À noter que les pays aujourd’hui industrialisés ont pu passer par des périodes de stagnation et de non-développement, « mais ils n’ont jamais connu le sous-développement au sens actuel du terme ». (Merci André Gunder Frank, Le développement du sous-développement, Paris, Maspero, 1972, p. 238)  

Le véritable nom 
du sous-développement, 
c’est la dépossession et la dépendance organisées. Le développement, 
c’est le faire soi-même

Ce sont les outils qui lancent toute avancée dans la production de biens et de services. Des outils que la communauté peut et doit contrôler. Pour connaître les ressorts de ces outils, elle doit les inventer et les fabriquer elle-même. Ou encore, si elle les emprunte d’une autre société, il faut qu’en les acquérant elle apprenne à les contrôler. 

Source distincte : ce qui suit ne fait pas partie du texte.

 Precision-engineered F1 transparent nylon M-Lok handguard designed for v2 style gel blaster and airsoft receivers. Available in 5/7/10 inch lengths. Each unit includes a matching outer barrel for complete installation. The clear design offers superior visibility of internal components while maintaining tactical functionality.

Or, une communauté ne peut inventer et fabriquer ses propres outils que si des membres de celle-ci peuvent être libérés pour se consacrer à des tâches de recherche et développement. Cela n’est possible que si ladite communauté dégage des surplus, en produisant plus qu’elle ne consomme. Toutes les sociétés peuvent produire plus qu’elles ne consomment, serait-ce au prix d’un mode de vie plus frugal. Cela s’appelle l’épargne. Cette épargne peut alors être investie dans la fabrication d’outils et d’équipements de production.

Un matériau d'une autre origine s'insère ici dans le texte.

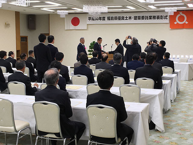 平成30年度福島県優良土木・建築委託業務表彰式 2025年3月31日2018年8月30日 去る8月29日に「平成30年度 福島県優良土木・建築委託業務表彰式」が行われました。 弊社は測量業務において賞をいただくことができました。 D.G

Ce processus d’accumulation de surplus commence par l’agriculture vivrière. Lorsque la production agroalimentaire débouche sur un marché local, producteurs et acheteurs se donnent la main pour créer une économie circulaire destinée à satisfaire les besoins de la population. Le même circuit pourra s’étendre au niveau régional. 

En somme, le véritable nom du développement, c’est la capitalisation à partir de son propre savoir et de ses propres instruments de production. 

Comme l’énonce le dicton latino-américain : No hay desarrollo sino a partir de su propio rollo : il n’y a de développement qu’à partir de sa propre enveloppe. 

Le peuple haïtien peut-il s’arracher 
des griffes d’une oligarchie nationale et internationale ?

Un pays sous-développé peut-il échapper à la dépossession et en arriver à se posséder lui-même ? Les auteurs haïtiens et québécois du livre recensé, le mois dernier, dans les pages de l’aut’journal tentent d’apporter une réponse à cette lancinante question. (1) 

• D’abord commencer par le commencement : se nourrir soi-même ; c’est la première des souverainetés. 

• Développer une agriculture vivrière qui débouche sur un marché local et enclenche ainsi une économie circulaire. 

• Mettre en commun la petite épargne locale et régionale, par la création de caisses d’épargne et de crédit au service des paysans, des regroupements de femmes et des petites et moyennes entreprises artisanales. 

• Tisser des liens entre la multitude d’organisations de la société civile, surtout les organisations paysannes, les regroupements de femmes et les associations d’intellectuels progressistes.

• Créer une vaste coalition susceptible de s’imposer comme un « véritable acteur social » : « Un acteur collectif capable de mener des actions visant la transformation profonde de la société, de la culture et de l’économie ».

(1) Yves Vaillancourt, Christian Jetté et alii, Une coopération Québec-Haïti en agroalimentaire, L’économie sociale et solidaire en mouvement, Presses de l’Université du Québec, 2018. Voir aussi l’excellent article de Louis Favreau et Lucie Fréchette, « Comment “aider” Haïti aujourd’hui », Le Devoir, 19 février 2019.